RE: Miscellaneous web issues

2004-05-20 Thread Ehsan Akhgari
> You can re-live its creation here in the archives:
> http://lists.sharif.edu/pipermail/persiancomputing/2003-June/0
00538.html
[snip]

Thanks for the links.  Seems like a very handy keyboard.  BTW, why the
Shift-Space combination does not work?

> Done! Beautiful!
> I hope the Mozilla users appreciate all this trouble.
>
> Thanks again for all your help!

You're welcome! :-)

-
Ehsan Akhgari

Farda Technology (http://www.farda-tech.com/)

List Owner: [EMAIL PROTECTED]

[ Email: [EMAIL PROTECTED] ]
[ WWW: http://www.beginthread.com/Ehsan ]



___
PersianComputing mailing list
[EMAIL PROTECTED]
http://lists.sharif.edu/mailman/listinfo/persiancomputing


RE: Miscellaneous web issues

2004-05-19 Thread C Bobroff
On Wed, 19 May 2004, Ehsan Akhgari wrote:

> Interesting.  Sorry for my ignorance, but is that keyboard available
> publicly?

You can re-live its creation here in the archives:
http://lists.sharif.edu/pipermail/persiancomputing/2003-June/000538.html

And you can download it here:
http://prdownloads.sourceforge.net/farsitools/persiankeyboard.zip?download

A PDF file with the layout is here:
http://lists.sharif.edu/pipermail/persiancomputing/attachments/20030612/2e85a1ad/PersianKL_preview.pdf

I've also repeated the above here if you don't like ZIP files or have some
other problem.
http://students.washington.edu/irina/persianword/kb.htm

Roozbeh, is it not time to remove the "experimental" from its name?

> Why not?  The \u syntax allows you to represent Unicode characters in
> JavaScript.
Now I know.

> Well, on Mozilla1.2.1 that I tested it on, if you replaces ZWNJ in the
> description of the Tajik array indices with ‌ then it seems to work
> happily.  Try giving it a test.

Done! Beautiful!
I hope the Mozilla users appreciate all this trouble.

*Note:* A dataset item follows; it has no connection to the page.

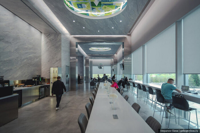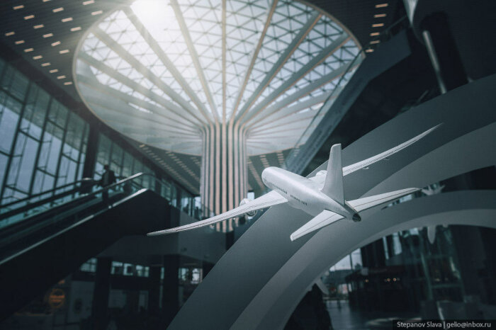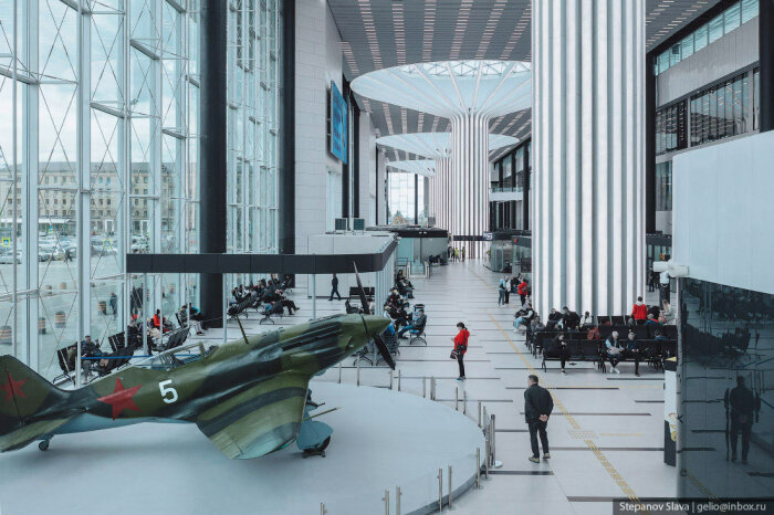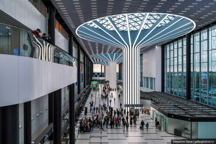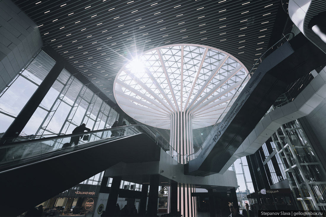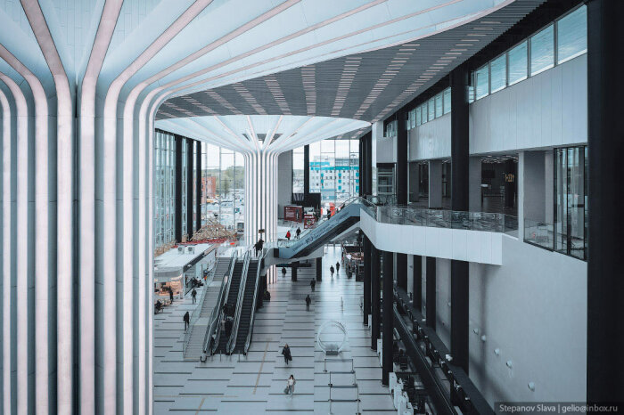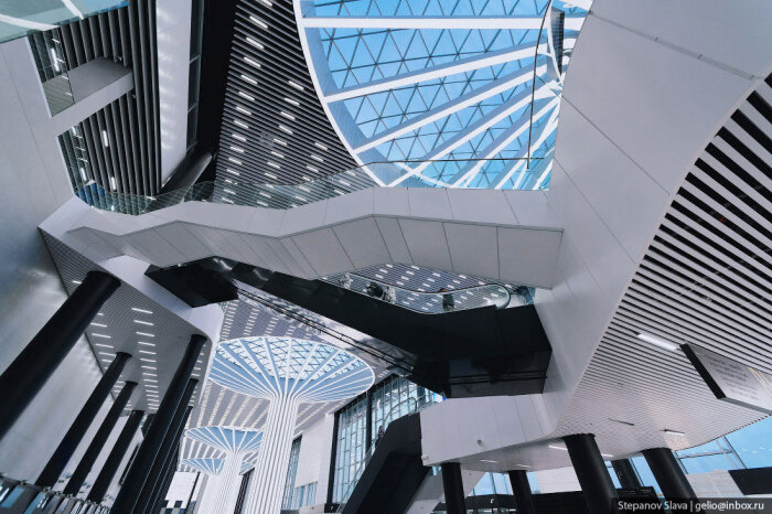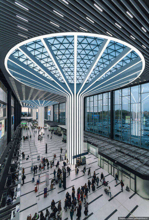 8. Проект разработан под руководством Сергей Кузнецова, главного архитектора Москвы. По задумке колонны внутри должны походить одновременно на турбины самолёта и огромные деревья.

Thanks again for all your help!

-Connie

___
PersianComputing mailing list
[EMAIL PROTECTED]
http://lists.sharif.edu/mailman/listinfo/persiancomputing


RE: Miscellaneous web issues

2004-05-19 Thread Ehsan Akhgari
> It appears taking a break is the best cure. Some progress:

Yes.  It certainly is.  Good to hear the problem's solved.

[snip]
> Find/Replace  [the invisible] ZWNJ in Notepad is no problem becuase I
> have the Persian Experimental Keyboard and ZWNJ is right on Shift-b.
> Although I can't actually SEE that I've typed ZWNJ in the Find box, it
> really is there. So now in my .js array, I have a few Persian words
> with \u200c right in the middle of the Persian script.

Interesting.  Sorry for my ignorance, but is that keyboard available
publicly?

> It doesn't seem like the browsers should be able to handle that but
> now I see it's not a problem.

Why not?  The \u syntax allows you to represent Unicode characters in
JavaScript.

> Only thing I have to
> remember is to re-open the Notepad file in a non-WYSIWYG editor and
> delete that BOM creature.
>
> Mozilla is now able to "find" my words containing ZWNJ which was the
> whole point of this exercise.
>
> One small problem still remains: in Mozilla, if you click on any Tajik
> word, it shows you the Persian counterpart in the popup.
> But Mozilla is not able to display the ZWNJ so that is ignored.
> I'm not sure what to do to solve this.

Well, on Mozilla1.2.1 that I tested it on, if you replaces ZWNJ in the
description of the Tajik array indices with ‌ then it seems to work
happily.  Try giving it a test.

-
Ehsan Akhgari

Farda Technology (http://www.farda-tech.com/)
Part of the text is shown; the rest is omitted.